**Records shown:**
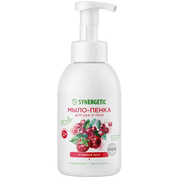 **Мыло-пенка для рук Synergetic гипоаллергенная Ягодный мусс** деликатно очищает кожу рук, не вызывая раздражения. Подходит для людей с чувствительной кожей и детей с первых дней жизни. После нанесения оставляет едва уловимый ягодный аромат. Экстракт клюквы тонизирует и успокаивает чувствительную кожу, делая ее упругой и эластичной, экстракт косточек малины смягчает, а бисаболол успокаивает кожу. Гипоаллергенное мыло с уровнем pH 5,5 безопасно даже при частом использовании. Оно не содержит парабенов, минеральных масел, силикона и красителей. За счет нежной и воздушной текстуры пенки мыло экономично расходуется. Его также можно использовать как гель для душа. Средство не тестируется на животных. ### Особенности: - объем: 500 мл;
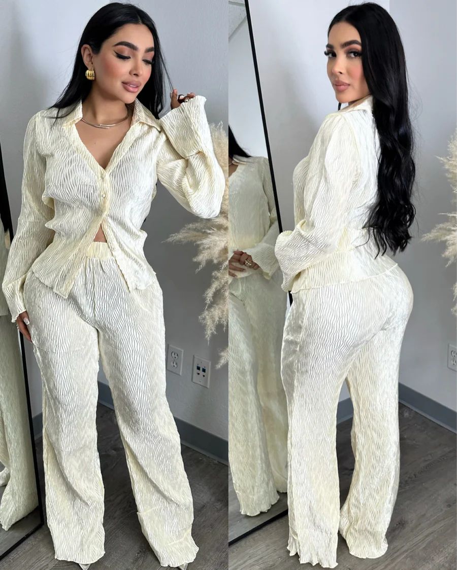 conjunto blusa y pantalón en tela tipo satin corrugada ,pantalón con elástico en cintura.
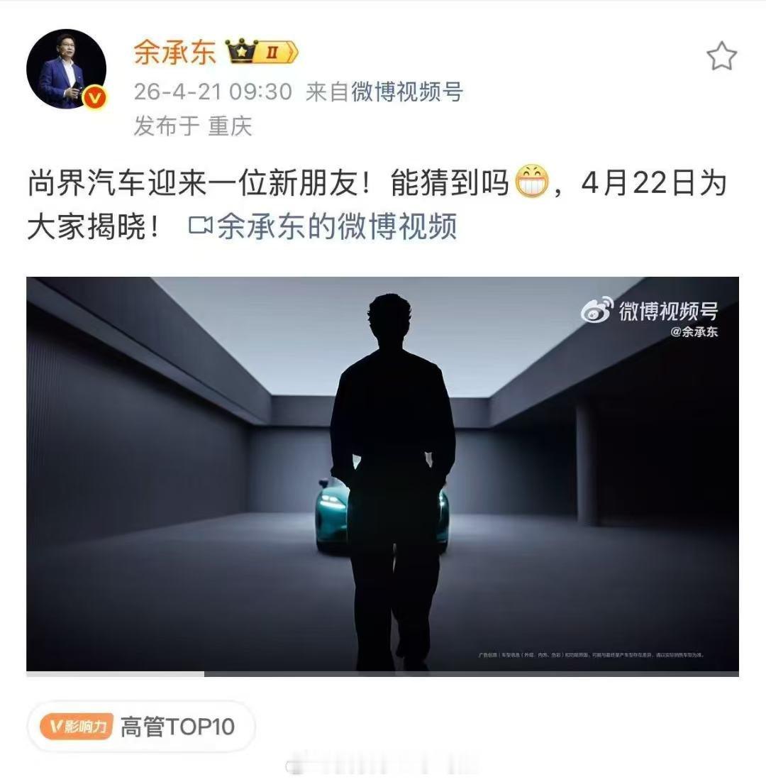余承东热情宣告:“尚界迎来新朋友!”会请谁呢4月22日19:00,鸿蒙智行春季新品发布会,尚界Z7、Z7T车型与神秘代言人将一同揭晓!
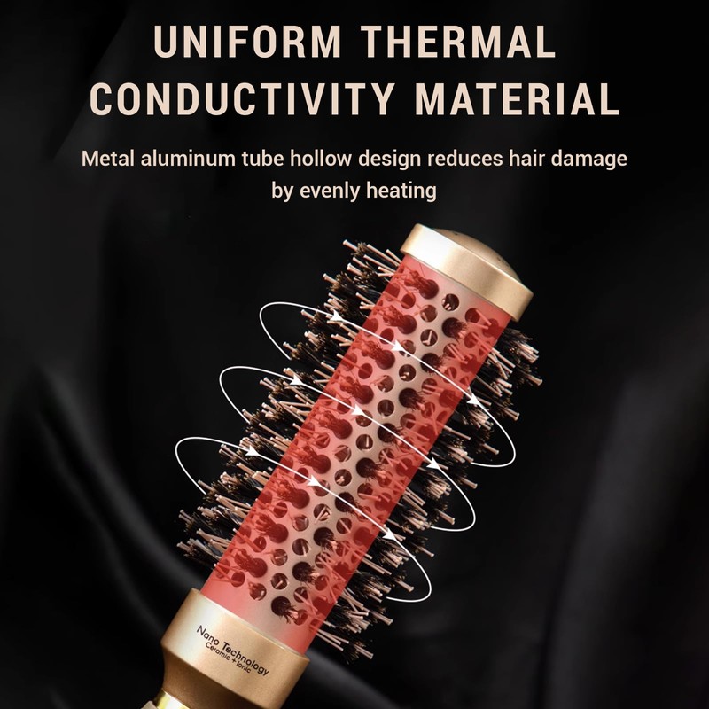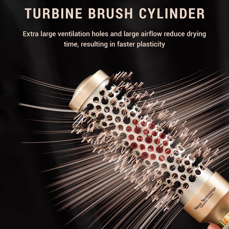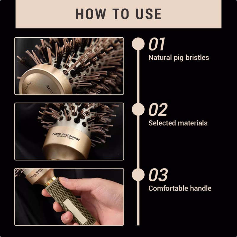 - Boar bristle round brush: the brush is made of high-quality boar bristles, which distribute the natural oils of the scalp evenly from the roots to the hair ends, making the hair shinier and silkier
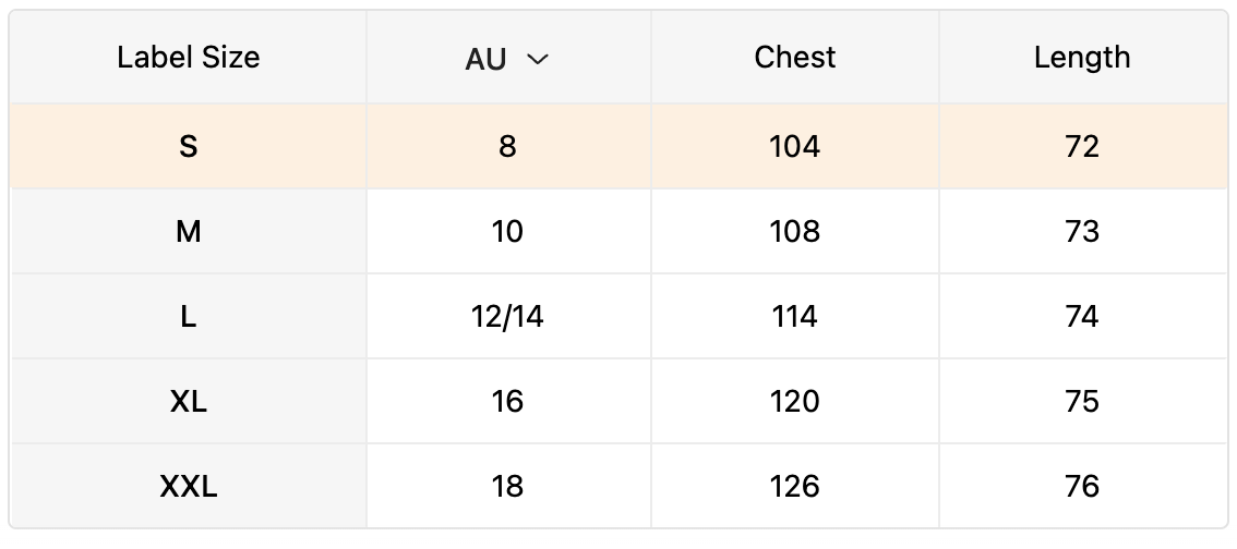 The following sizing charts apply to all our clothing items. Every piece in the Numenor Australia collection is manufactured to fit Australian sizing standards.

---

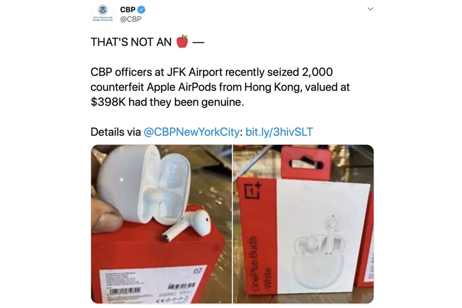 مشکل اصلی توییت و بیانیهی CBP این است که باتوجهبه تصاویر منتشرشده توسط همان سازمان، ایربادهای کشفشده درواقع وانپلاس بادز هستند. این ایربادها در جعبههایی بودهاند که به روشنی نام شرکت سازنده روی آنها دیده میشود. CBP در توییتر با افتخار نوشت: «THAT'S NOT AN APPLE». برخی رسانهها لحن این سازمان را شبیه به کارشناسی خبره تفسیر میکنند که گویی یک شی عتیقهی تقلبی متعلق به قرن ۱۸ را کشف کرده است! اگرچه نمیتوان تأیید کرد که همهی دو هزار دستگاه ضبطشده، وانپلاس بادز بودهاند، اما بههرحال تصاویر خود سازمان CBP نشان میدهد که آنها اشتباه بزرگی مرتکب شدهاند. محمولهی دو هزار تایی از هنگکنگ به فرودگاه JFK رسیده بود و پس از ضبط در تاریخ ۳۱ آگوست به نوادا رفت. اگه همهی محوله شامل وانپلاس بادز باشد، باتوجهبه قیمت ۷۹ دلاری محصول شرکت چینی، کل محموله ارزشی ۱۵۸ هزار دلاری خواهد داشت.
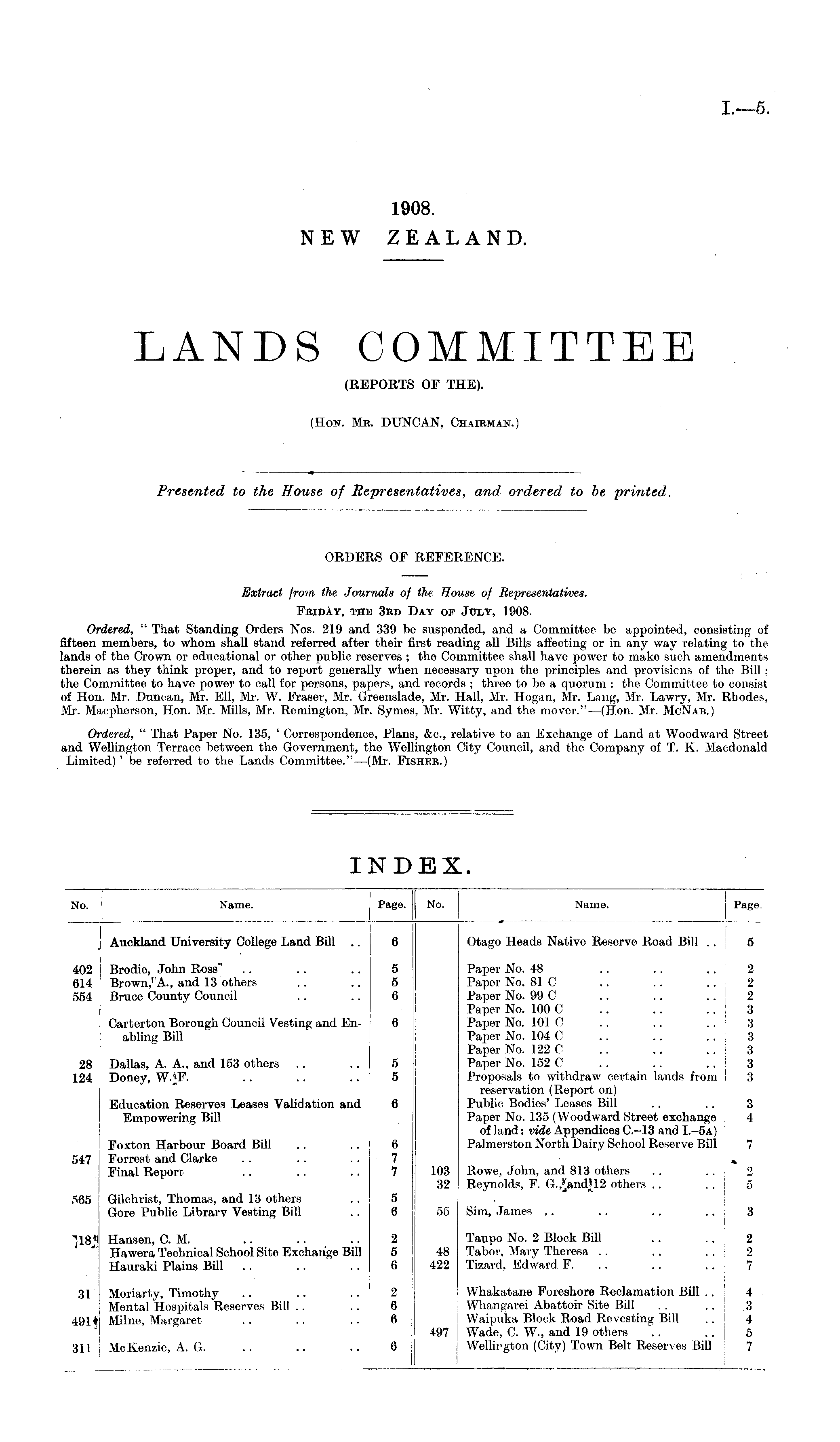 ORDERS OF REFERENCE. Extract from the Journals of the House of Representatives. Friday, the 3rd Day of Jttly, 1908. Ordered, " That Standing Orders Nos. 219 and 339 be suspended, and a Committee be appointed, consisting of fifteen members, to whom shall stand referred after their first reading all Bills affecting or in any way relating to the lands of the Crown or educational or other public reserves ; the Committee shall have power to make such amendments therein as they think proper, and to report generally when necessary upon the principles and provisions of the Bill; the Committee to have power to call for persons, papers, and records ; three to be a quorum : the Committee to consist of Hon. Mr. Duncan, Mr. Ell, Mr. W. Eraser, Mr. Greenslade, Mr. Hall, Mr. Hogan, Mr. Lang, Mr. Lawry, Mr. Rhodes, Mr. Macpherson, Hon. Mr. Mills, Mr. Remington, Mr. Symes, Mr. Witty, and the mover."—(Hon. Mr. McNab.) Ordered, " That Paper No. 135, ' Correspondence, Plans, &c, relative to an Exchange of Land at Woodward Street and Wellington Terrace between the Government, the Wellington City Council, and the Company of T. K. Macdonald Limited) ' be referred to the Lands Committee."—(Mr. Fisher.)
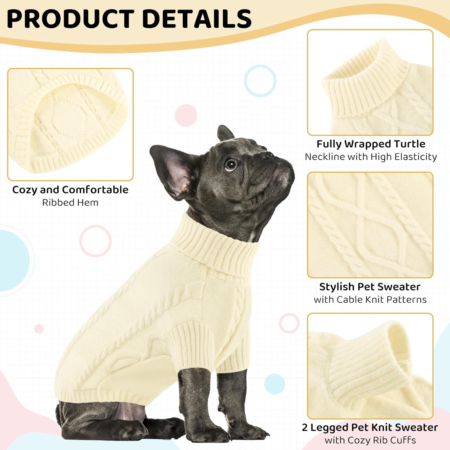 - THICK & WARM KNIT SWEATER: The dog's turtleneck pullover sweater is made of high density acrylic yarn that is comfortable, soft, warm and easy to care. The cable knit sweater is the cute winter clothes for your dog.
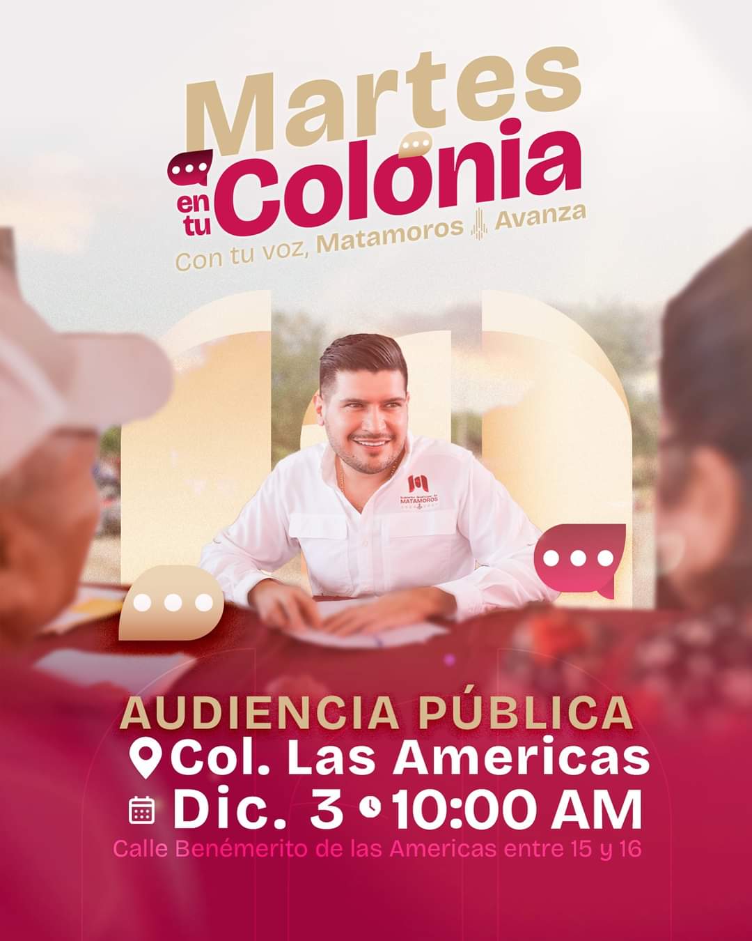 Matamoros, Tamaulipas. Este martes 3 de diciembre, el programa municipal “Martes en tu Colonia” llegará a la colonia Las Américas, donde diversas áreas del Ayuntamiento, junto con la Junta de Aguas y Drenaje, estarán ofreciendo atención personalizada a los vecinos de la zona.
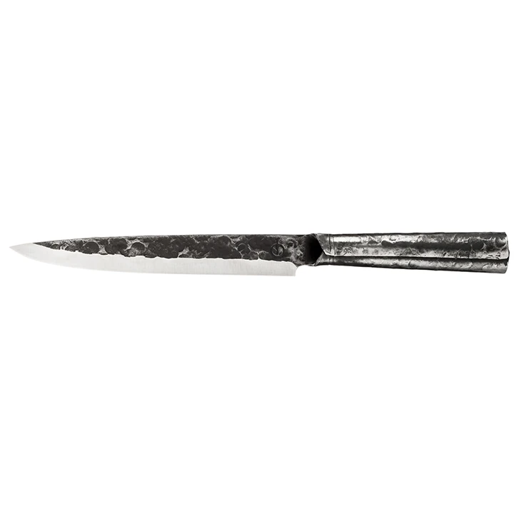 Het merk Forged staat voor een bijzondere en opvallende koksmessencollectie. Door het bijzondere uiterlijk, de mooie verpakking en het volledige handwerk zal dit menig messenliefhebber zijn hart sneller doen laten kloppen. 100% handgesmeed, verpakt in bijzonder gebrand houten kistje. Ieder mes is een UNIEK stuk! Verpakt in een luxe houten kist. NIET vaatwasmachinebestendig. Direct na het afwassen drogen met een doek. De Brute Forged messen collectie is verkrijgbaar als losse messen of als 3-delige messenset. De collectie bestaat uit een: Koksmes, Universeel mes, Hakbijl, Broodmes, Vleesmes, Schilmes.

---

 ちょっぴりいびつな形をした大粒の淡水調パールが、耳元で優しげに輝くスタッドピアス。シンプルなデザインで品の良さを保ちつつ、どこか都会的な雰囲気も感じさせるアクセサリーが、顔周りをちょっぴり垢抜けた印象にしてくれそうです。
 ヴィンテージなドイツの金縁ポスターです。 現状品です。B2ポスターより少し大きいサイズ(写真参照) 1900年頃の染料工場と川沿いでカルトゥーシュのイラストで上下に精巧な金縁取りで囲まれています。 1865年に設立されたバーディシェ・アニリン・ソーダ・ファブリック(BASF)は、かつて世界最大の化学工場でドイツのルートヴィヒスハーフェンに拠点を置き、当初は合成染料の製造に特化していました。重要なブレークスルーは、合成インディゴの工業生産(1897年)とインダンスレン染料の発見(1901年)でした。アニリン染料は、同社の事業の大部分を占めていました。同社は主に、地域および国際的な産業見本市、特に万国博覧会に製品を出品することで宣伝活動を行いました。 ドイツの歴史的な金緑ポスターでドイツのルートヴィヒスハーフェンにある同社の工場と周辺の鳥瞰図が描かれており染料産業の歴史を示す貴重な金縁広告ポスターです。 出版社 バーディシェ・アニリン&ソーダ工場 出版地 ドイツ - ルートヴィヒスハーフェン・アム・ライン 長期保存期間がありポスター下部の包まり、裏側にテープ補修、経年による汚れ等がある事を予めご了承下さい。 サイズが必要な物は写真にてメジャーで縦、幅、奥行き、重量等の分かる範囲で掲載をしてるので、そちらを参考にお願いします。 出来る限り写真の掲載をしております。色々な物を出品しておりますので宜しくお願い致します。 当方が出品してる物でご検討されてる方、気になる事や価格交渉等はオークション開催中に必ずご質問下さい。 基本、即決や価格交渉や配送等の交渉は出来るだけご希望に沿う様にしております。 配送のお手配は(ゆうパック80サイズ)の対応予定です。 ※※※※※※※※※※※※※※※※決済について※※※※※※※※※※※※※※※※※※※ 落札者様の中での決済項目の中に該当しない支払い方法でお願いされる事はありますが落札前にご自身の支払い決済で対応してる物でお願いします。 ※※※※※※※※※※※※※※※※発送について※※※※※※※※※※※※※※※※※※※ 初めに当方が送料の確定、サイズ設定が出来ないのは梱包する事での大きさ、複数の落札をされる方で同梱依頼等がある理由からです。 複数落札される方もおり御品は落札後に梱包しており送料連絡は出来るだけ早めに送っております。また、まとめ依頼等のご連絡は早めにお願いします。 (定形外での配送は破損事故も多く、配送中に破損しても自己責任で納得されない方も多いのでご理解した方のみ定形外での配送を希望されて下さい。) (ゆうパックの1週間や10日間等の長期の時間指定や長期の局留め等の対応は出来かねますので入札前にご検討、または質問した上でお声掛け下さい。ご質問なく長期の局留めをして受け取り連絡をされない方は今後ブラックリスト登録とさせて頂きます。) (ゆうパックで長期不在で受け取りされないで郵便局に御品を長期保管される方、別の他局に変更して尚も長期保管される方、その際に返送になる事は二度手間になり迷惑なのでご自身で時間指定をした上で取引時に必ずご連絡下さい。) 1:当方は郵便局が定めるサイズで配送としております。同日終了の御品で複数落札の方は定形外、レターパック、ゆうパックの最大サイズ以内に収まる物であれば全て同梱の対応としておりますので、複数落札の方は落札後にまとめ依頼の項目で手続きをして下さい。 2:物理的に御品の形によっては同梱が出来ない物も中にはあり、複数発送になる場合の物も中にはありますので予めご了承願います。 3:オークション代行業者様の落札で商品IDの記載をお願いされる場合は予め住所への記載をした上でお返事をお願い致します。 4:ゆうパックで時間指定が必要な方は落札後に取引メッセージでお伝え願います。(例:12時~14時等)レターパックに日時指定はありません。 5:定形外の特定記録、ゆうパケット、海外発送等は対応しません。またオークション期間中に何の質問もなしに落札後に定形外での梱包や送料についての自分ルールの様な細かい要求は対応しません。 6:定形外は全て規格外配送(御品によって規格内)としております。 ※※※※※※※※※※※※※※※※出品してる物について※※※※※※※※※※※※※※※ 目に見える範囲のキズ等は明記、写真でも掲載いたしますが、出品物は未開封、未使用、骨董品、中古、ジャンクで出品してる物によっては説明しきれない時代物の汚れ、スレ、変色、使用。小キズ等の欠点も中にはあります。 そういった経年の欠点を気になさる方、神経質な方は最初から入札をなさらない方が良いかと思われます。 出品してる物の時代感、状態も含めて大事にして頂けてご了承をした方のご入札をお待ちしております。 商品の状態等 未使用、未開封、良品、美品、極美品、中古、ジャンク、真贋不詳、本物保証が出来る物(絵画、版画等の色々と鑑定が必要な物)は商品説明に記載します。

**What is expected:** Output should consist of the lines above from the one with "объем: 500 мл;" down to the one with "The following sizing", exact and without pictures.

**Answer space:**
 **Мыло-пенка для рук Synergetic гипоаллергенная Ягодный мусс** деликатно очищает кожу рук, не вызывая раздражения. Подходит для людей с чувствительной кожей и детей с первых дней жизни. После нанесения оставляет едва уловимый ягодный аромат. Экстракт клюквы тонизирует и успокаивает чувствительную кожу, делая ее упругой и эластичной, экстракт косточек малины смягчает, а бисаболол успокаивает кожу. Гипоаллергенное мыло с уровнем pH 5,5 безопасно даже при частом использовании. Оно не содержит парабенов, минеральных масел, силикона и красителей. За счет нежной и воздушной текстуры пенки мыло экономично расходуется. Его также можно использовать как гель для душа. Средство не тестируется на животных. ### Особенности: - объем: 500 мл;
 conjunto blusa y pantalón en tela tipo satin corrugada ,pantalón con elástico en cintura.
余承东热情宣告:“尚界迎来新朋友!”会请谁呢4月22日19:00,鸿蒙智行春季新品发布会,尚界Z7、Z7T车型与神秘代言人将一同揭晓!
 - Boar bristle round brush: the brush is made of high-quality boar bristles, which distribute the natural oils of the scalp evenly from the roots to the hair ends, making the hair shinier and silkier
 The following sizing charts apply to all our clothing items. Every piece in the Numenor Australia collection is manufactured to fit Australian sizing standards.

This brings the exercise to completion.